= Larry DuPraz =

Larry DuPraz (1919–2006) was the long-time production supervisor of The Daily Princetonian and Princeton University's unofficial "professor of journalism." From 1946 until 1987, DuPraz oversaw production of Princeton's independent student daily newspaper. DuPraz supervised publishing using technology ranging from hot lead type to modern desktop publishing. In this position, DuPraz ran what many alumni and journalists refer to as the "Larry DuPraz School of Journalism," an unofficial academy through which he educated and influenced some of the most important names in American journalism, including:

- Joel Achenbach 1982, writer for The Washington Post and author of the Post's Achenblog.

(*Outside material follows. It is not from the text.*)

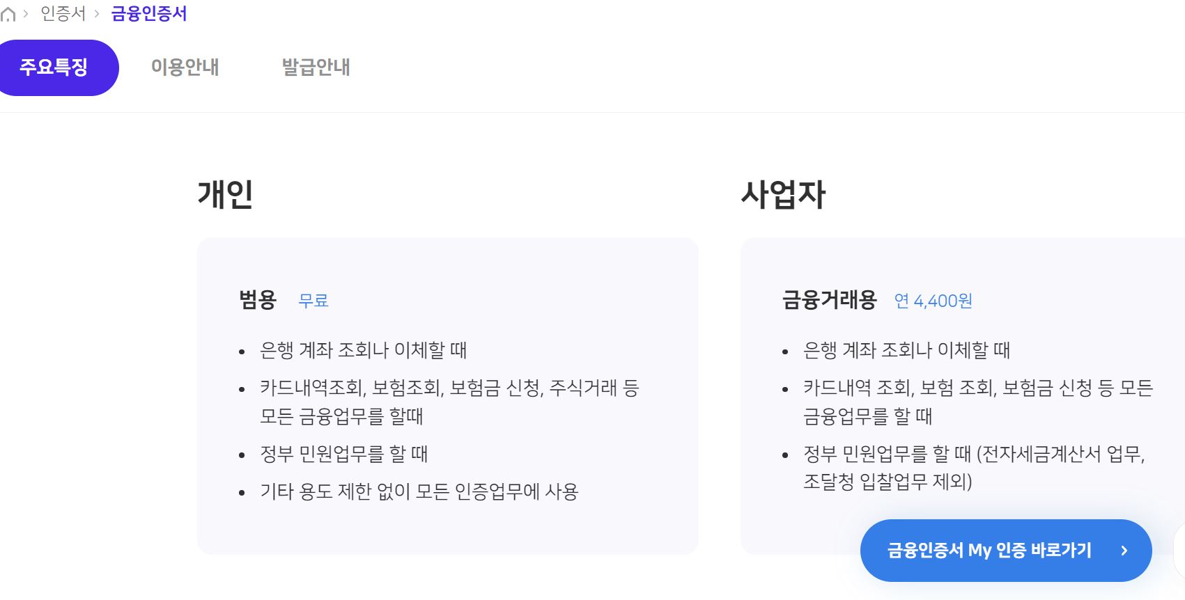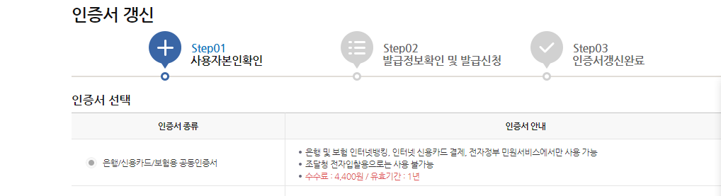 인증서 첫번째 4400원 짜리를 클릭하고

- Peter D. Bunzel 1949, op-ed page editor, Los Angeles Times.
- Robert Caro 1957, Pulitzer Prize-winning non-fiction writer.

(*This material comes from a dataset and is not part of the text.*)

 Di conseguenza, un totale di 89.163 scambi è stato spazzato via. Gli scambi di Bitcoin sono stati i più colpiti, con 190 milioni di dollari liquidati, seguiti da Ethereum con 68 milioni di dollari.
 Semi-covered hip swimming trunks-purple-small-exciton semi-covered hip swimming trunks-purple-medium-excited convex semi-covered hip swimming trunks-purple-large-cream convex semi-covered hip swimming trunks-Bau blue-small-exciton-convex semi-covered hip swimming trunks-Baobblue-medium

- Frank Deford 1961, writer for Sports Illustrated and broadcaster on U.S. radio and television.
- Barton Gellman 1982, editor at The Washington Post and Pulitzer Prize-winner.
- Donald Kirk 1959, national correspondent, Chicago Tribune.

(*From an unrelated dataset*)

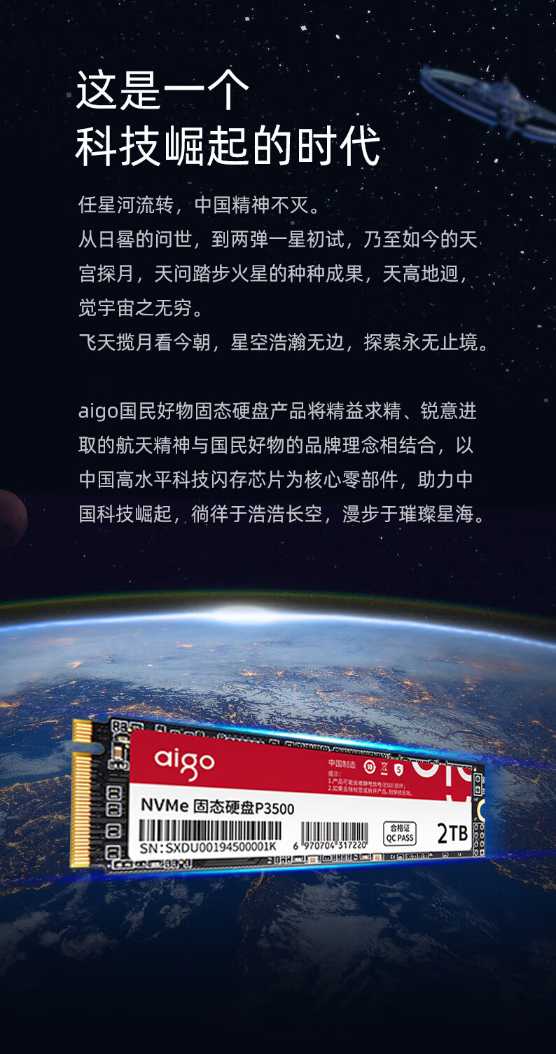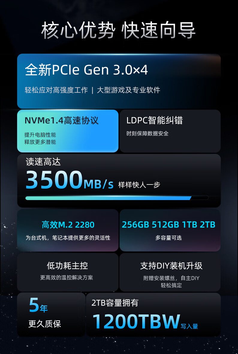 爱国者P3500 SSD固态硬盘 M.2(NVMe协议) PCIe四通道适用笔记本

- Don Oberdorfer 1952, former writer for the Washington Post. Now a professor at Johns Hopkins University.
- James Ridgeway 1959, editor and writer, New Republic and Village Voice.
- Mark Stevens 1973, film critic for New York Magazine and co-author of De Kooning: An American Master.
- Annalyn Swan 1973, co-author of 2005 Pulitzer Prize-winning De Kooning: An American Master.
- Christine Whelan 1999, author of Why Smart Men Marry Smart Women

Upon retiring in 1987, DuPraz was recognized by President Ronald Reagan for his lifelong contribution to American education and journalism. After his retirement, DuPraz remained a trusted adviser and loyal friend to the newspaper, some would say a curmudgeon, making regular appearances in the newsroom at least through 2004. A lifelong Princeton resident and diehard Princeton basketball fan, DuPraz was also a committed volunteer fireman and World War II veteran. He married Nora Enright (1919-2008), also of Princeton, in 1947. They had one daughter, Claudia (1950-2009), and four grandsons. In December 2006, DuPraz died of heart disease at the age of 87. Several Daily Princetonian alumni share their memories of DuPraz's life on the newspaper's blog.